▸ Assigned task
Your answer must be the exact lines below, starting with the line with "The REE patterns" and going on through the line with "Tori Richard Honolulu", both included, with no pictures.

▸ Provided information

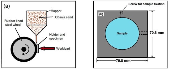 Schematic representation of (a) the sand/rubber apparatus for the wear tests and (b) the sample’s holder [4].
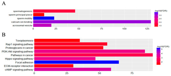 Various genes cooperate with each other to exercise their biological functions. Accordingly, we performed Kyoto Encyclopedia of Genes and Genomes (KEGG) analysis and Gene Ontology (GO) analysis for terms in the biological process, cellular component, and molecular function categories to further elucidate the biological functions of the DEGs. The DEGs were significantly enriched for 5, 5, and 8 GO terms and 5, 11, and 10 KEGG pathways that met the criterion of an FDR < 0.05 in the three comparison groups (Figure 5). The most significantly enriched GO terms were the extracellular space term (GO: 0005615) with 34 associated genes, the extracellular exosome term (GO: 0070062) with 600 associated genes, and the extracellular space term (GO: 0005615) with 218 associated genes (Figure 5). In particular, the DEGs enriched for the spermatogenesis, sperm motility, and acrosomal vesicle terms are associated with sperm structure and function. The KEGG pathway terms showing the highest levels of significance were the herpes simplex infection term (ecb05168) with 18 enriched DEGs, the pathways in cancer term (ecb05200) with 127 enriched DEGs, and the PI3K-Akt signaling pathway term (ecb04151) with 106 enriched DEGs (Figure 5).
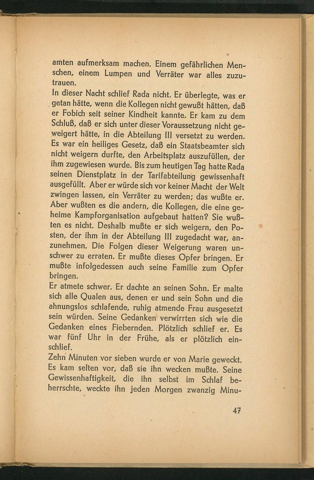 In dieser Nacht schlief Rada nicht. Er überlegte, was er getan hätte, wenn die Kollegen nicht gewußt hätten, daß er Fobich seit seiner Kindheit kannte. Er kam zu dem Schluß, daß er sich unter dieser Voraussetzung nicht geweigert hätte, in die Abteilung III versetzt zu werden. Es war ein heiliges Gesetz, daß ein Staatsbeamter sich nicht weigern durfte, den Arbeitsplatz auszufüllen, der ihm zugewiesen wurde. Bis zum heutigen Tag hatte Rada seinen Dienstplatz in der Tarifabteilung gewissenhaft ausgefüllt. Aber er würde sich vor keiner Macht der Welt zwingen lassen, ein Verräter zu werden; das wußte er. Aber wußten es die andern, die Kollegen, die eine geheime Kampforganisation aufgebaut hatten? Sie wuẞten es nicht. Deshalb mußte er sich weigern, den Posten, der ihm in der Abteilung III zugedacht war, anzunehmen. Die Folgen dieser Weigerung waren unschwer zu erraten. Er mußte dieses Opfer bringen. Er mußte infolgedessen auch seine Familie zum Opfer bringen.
* * *
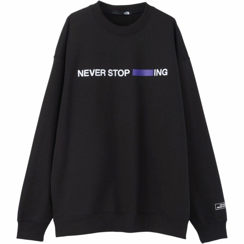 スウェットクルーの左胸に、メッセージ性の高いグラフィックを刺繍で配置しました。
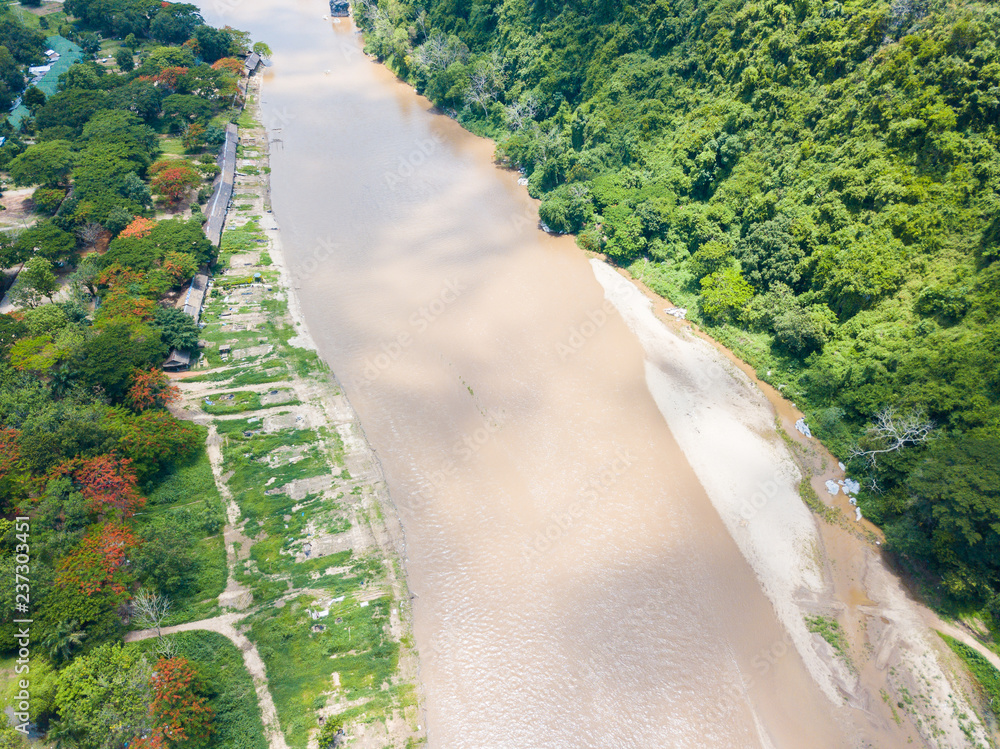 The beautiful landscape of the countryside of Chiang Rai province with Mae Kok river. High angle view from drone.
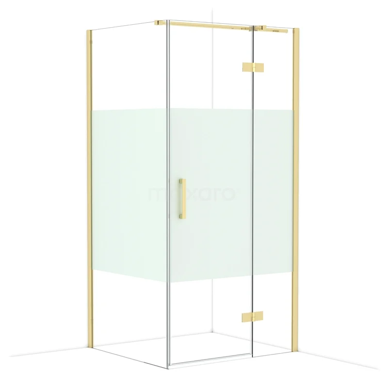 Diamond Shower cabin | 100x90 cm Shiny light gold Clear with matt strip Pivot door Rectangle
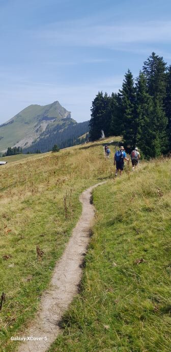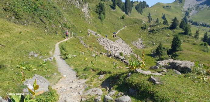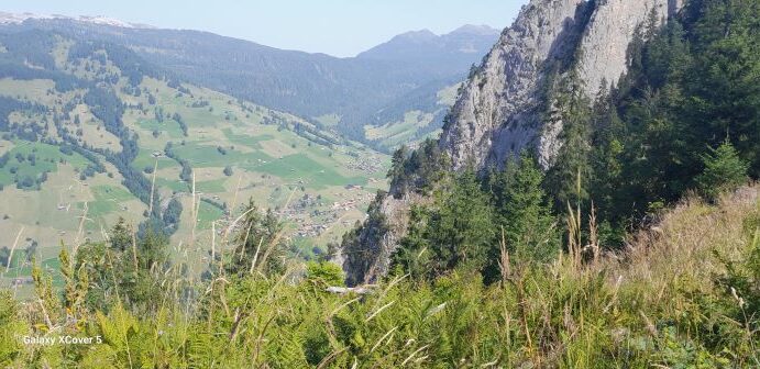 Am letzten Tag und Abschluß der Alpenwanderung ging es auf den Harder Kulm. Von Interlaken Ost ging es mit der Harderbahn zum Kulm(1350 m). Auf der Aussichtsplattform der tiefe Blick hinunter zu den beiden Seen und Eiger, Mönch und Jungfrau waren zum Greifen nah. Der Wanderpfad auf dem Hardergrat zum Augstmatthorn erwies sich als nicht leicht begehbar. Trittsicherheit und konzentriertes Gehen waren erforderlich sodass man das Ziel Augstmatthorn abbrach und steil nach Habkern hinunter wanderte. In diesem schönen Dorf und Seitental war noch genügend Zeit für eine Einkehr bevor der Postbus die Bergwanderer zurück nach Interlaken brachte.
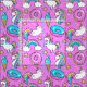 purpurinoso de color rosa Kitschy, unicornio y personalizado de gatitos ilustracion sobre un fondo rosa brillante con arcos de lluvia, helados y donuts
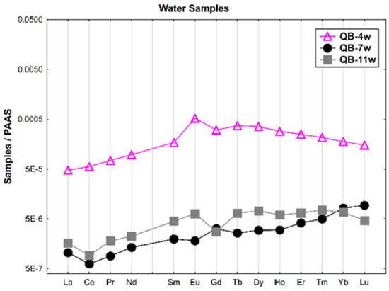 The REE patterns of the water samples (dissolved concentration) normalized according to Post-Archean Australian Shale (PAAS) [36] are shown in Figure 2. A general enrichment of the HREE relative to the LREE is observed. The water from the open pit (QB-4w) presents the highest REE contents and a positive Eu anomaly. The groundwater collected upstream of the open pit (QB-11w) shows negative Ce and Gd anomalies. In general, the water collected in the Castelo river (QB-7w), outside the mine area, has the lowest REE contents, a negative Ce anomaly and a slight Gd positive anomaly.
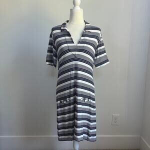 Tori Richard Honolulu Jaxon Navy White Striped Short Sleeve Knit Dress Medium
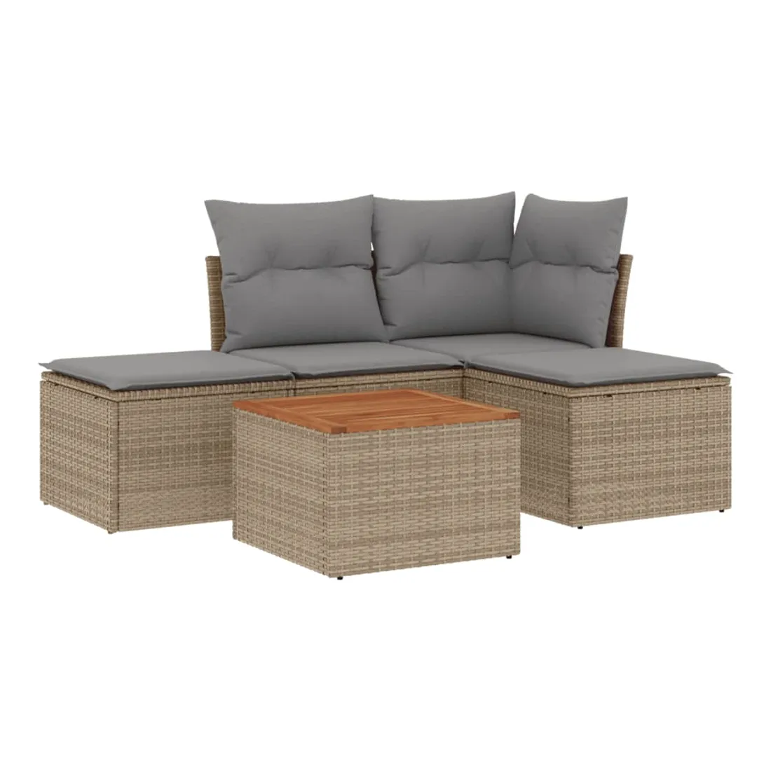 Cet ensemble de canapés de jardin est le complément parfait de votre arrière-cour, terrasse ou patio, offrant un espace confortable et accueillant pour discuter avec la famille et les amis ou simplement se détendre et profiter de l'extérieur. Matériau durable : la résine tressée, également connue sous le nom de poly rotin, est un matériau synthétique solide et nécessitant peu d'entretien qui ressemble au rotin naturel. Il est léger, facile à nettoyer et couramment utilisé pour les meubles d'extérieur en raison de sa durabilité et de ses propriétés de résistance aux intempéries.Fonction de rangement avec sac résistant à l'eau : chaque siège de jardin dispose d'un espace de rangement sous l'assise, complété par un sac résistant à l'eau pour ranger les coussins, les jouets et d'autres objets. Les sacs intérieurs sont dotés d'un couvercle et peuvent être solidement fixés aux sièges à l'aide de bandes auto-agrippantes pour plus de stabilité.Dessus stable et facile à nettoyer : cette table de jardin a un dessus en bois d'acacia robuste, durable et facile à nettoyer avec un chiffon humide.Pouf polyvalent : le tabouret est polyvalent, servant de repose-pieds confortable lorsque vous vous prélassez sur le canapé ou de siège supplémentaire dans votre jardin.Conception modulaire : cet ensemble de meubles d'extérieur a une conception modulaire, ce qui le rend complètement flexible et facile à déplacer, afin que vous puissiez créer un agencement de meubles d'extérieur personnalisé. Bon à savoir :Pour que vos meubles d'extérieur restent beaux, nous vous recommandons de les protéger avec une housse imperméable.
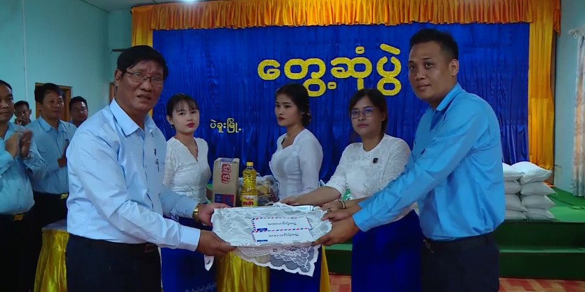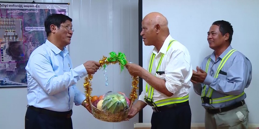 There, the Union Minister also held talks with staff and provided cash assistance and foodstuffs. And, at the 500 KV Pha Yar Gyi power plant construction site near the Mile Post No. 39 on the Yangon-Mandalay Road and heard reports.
==
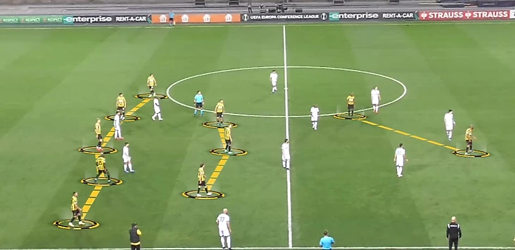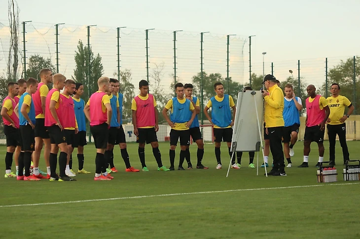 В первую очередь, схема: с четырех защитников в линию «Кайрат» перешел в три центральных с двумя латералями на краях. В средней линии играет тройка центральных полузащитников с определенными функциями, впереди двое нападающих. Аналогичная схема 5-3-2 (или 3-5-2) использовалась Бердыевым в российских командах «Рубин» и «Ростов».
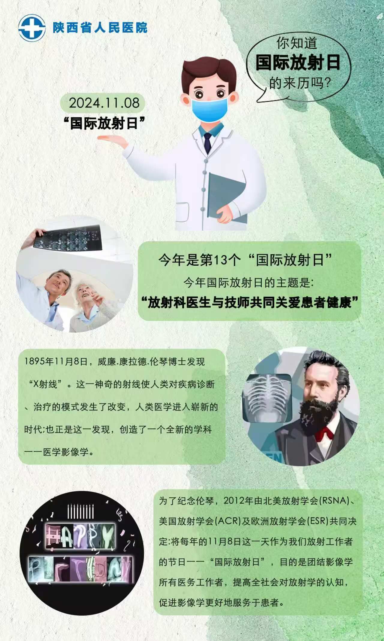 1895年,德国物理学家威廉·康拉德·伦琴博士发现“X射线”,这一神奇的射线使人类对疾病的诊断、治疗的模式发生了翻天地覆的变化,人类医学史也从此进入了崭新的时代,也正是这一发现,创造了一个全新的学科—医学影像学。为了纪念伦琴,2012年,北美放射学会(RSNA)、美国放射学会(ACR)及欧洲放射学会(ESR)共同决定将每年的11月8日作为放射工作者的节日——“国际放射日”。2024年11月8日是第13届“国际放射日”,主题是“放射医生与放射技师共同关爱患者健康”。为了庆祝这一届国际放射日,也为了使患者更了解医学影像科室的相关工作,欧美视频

▸ Reply to the task
 The REE patterns of the water samples (dissolved concentration) normalized according to Post-Archean Australian Shale (PAAS) [36] are shown in Figure 2. A general enrichment of the HREE relative to the LREE is observed. The water from the open pit (QB-4w) presents the highest REE contents and a positive Eu anomaly. The groundwater collected upstream of the open pit (QB-11w) shows negative Ce and Gd anomalies. In general, the water collected in the Castelo river (QB-7w), outside the mine area, has the lowest REE contents, a negative Ce anomaly and a slight Gd positive anomaly.
 Tori Richard Honolulu Jaxon Navy White Striped Short Sleeve Knit Dress Medium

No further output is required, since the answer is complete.